[DEAN ORNISH:] For the last 30 years or so, I have directed a series of clinical research studies proving that the simple choices that we make in our lives each day can have a powerful impact on our health and our well being, and much more quickly than had once been thought possible, even at a cellular level. Ironically, we have been using very high tech, expensive, state of the art measures to prove how powerful very simple and low tech and often ancient interventions can be.
Our prostate study was a randomized control trial of men who had biopsy proven prostate cancer and who have elected not to be treated conventionally for reasons unrelated to our study. What made this interesting from a scientific standpoint is that we could take men who knew they had cancer from biopsies, randomly divide them into two groups, and have a true non-intervention control group so we could determine the effects of comprehensive lifestyle changes alone without being confounded by other treatments. You can't do that with breast cancer because almost everybody gets treated right away, so you don't know if any improvements were due to the lifestyle changes or the chemo or the radiation or the surgery.

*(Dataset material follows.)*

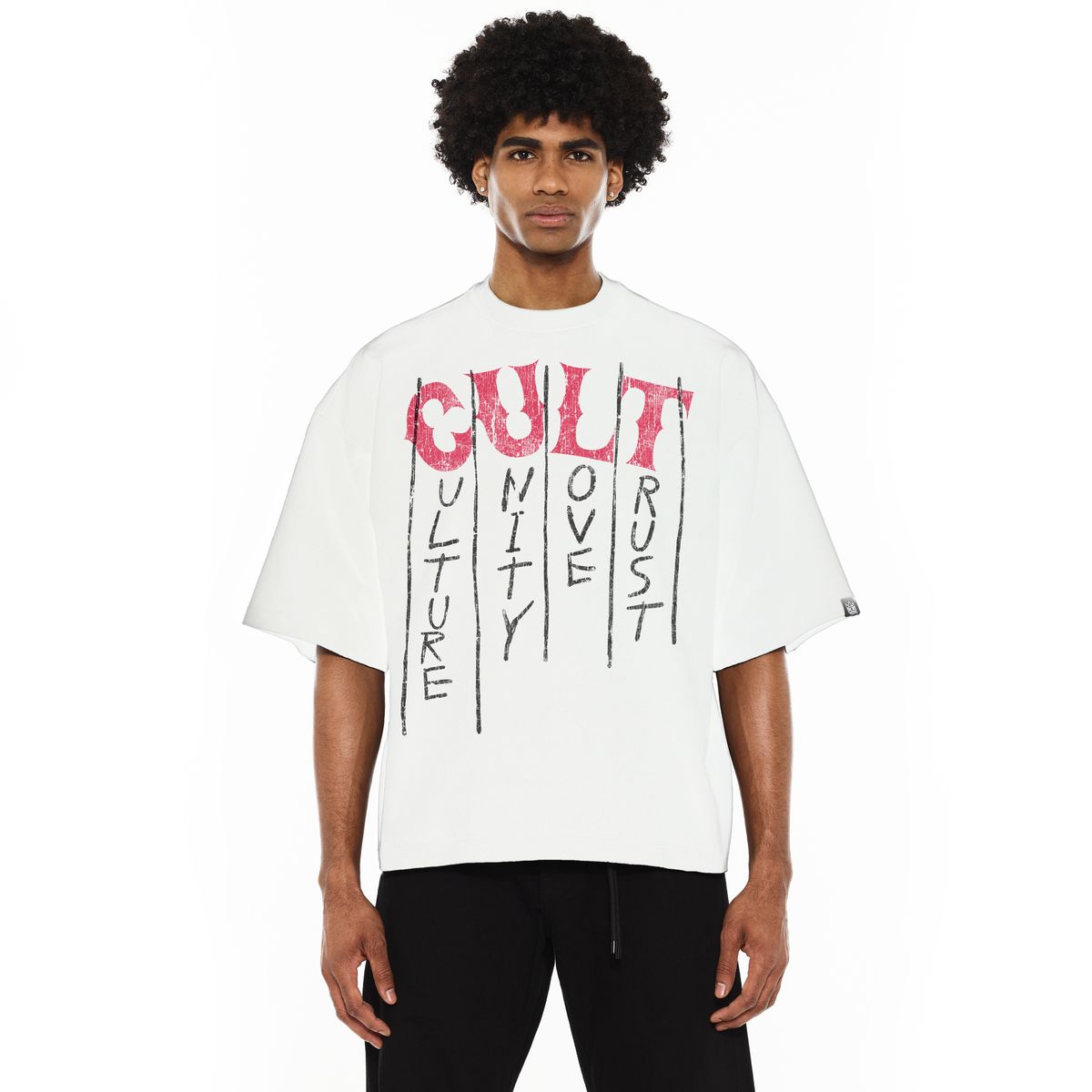 The CULT Boxy Fit Short Sleeve Crew Neck "C.U.L.T" Tee 625B9-K32A in white is crafted to combine contemporary style and comfort. Its boxy fit provides a modern silhouette that drapes naturally, while the crew neck design ensures a classic, versatile neckline suitable for layering or standalone wear. Made with quality materials, this tee offers durability and softness, ideal for everyday use. The bold "C.U.L.T" lettering adds a distinctive edge, making it an excellent choice for those seeking both casual style and statement appeal in their wardrobe. Perfectly suited for pairing with jeans or shorts, it balances fashion and function effortlessly.

After a year we found that PSA levels, a marker for prostate cancer, went up (worsened) in the comparison or control group, but went down significantly (improved) in the experimental group that made the lifestyle changes we recommended. The degree of change in lifestyle was directly correlated with the degree of change in their PSA levels.
We also found that the prostate tumor growth in vitro was inhibited 70 percent in the group that made these changes compared to only nine percent in the group that didn't. The inhibition of the tumor growth was itself a direct function of the degree of change in lifestyle. In other words, the more people changed, the more it directly inhibited the growth of their prostate tumors.
J. Craig Venter has shown that one way you can change your genes is by making new ones. We are finding that another way you can change your gene expression is simply by changing your lifestyle.
In May of this year, we published an article in the Proceedings of the National Academy of Sciences (Craig was the communicating editor). We found that changing lifestyle actually changes gene expression. In only three months, we found that over 500 genes were either up-regulated or down-regulated—in simple terms, turning on genes that prevent many chronic diseases, and turning off genes that cause coronary heart disease, oncogenes that are linked to breast and prostate cancer, genes that promote inflammation and oxidative stress and so on.